The task:
Look below for the line that has "reciclagem em Palhoça"; output exactly from it through the line that has "I may or may", and leave the pictures out.

Exercise data:
>>>

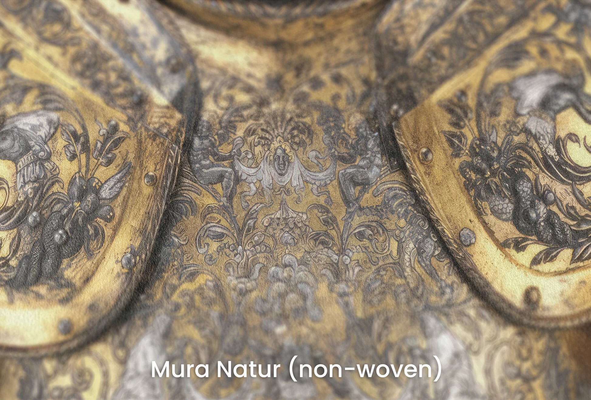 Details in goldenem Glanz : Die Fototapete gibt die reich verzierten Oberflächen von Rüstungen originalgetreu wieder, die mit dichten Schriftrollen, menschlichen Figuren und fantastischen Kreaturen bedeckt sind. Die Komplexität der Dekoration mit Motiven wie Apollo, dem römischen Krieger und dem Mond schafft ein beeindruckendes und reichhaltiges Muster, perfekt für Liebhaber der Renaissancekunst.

<<<
>>>

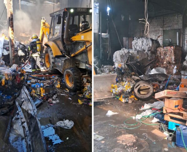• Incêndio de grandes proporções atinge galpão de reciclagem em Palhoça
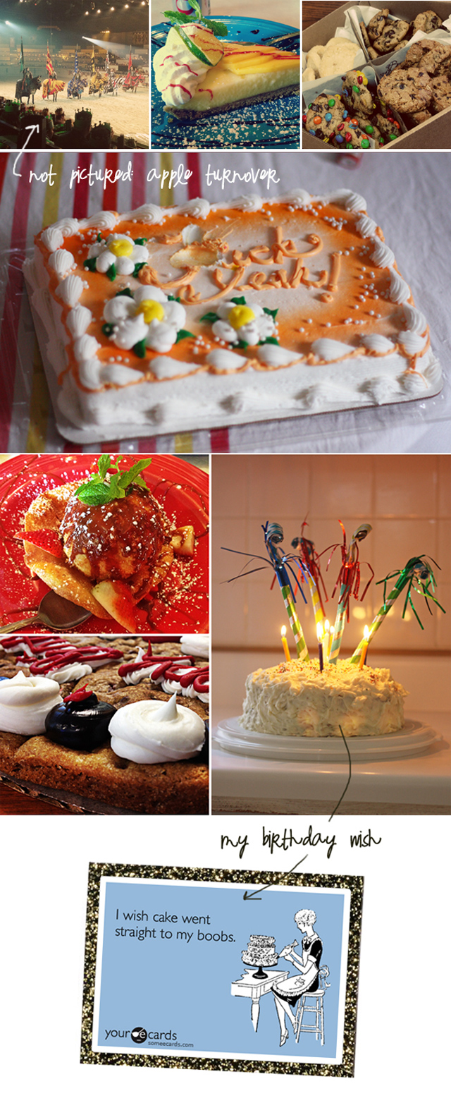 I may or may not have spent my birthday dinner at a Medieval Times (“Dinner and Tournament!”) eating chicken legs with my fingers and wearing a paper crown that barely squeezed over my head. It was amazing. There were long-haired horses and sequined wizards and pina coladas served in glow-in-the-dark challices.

<<<

Answer to this exercise:
• Incêndio de grandes proporções atinge galpão de reciclagem em Palhoça
 I may or may not have spent my birthday dinner at a Medieval Times (“Dinner and Tournament!”) eating chicken legs with my fingers and wearing a paper crown that barely squeezed over my head. It was amazing. There were long-haired horses and sequined wizards and pina coladas served in glow-in-the-dark challices.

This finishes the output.